Design of an optimised method for enzymatic isolation of Arabidopsis leaf cuticle. Fresh leaf discs floating on solution surface (a) and digested leaves with isolated cuticles after approximately 1 week of isolation (b) are shown. Silicone annuli were used to keep cuticle discs floating on the water surface, whereas digested tissue sank down

Fig. 2
figure 2

Optical microscopy of isolated abaxial cuticles from Col-0 (a), Ler (b), tmm1-1 (c) and epf1,2 (d). Cuticles were stained with aqueous Nile Blue A. Outlines of stomatal guard cells and pores (s), trichome envelopes (t) and borders of formerly present epidermal cells (arrowheads) are visible in dark blue

Special attention was paid to the cuticle of Col-0, which was thereafter used for wax analysis.
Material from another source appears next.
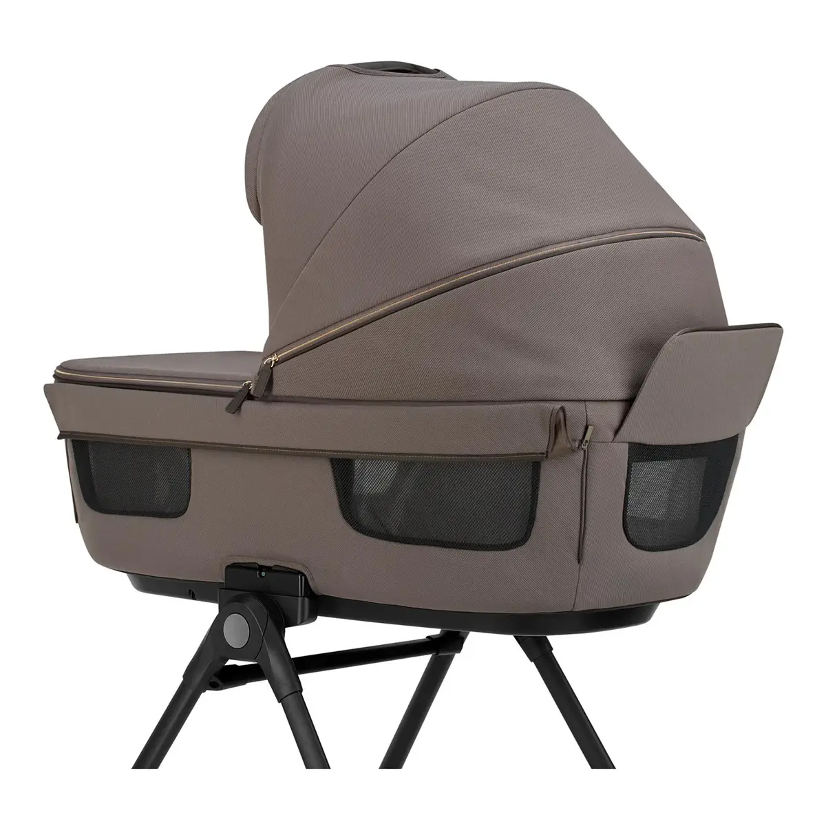 Culla Open Up ampia e ventilata La culla (79×37 cm) offre uno spazio confortevole con 5 finestre di aerazione indipendenti, fondo ventilato e schienalino reclinabile. Il guscio rigido protegge il bambino, mentre i tessuti traspiranti assicurano benessere.

Both air-facing (external) and mesophyll-facing (internal) surfaces of the abaxial and adaxial cuticles were studied by scanning electron microscopy (SEM) (Fig. 3) and cryoSEM. The external cuticle surface (facing the atmosphere) was almost smooth with no discernible epicuticular wax structures. At the inner side (facing the mesophyll), the cuticular lining of substomatal cavities was visible. Attempts to obtain images of cuticular cross sections were made to confirm its thickness. Artificially created cross sections were hard to realise due to low thickness and high adhesion of the cuticle. Nevertheless, at naturally occurring incisions of the cuticle we were able to measure cuticle thickness, which was c. 70–80 nm. This is in agreement with Kosma et al. [21] who obtained values of 66–82 nm in cross sections of fixed native leaves observed under TEM microscopy.

Fig. 3
figure 3

Scanning electron microscopy (af) and cryomicroscopy (gh) of isolated cuticles of Arabidopsis thaliana Col-0 wild type. Adaxial external (a) and internal (b), abaxial external (c) and internal (d) sides of cuticles observed in secondary electron mode are shown. Details of the relief of abaxial cuticle and a stoma seen at higher magnification from the external (e) and internal (f) side, respectively, are included to show that a cuticle was present in substomatal cavities (f). Adaxial cuticles observed by cryomicroscopy are shown (g, h). Outlines of stomatal guard cells and pores (s), trichome envelopes (t), and borders of formerly present epidermal cells (arrowheads) are visible

Qualitative analysis of the elemental composition of cuticles was performed in SEM. Only C and O were found across most of the cuticle surface, which corresponds with the composition of wax (long-chain hydrocarbons, acids, aldehydes, alcohols or esters) [15]. When we focused on small areas with some remaining tissue, which was occasionally found on the inner side of some samples, we found C, O, N, P and S, which corresponds with the chemical composition of compounds in cell walls (e.g. proteins) [1].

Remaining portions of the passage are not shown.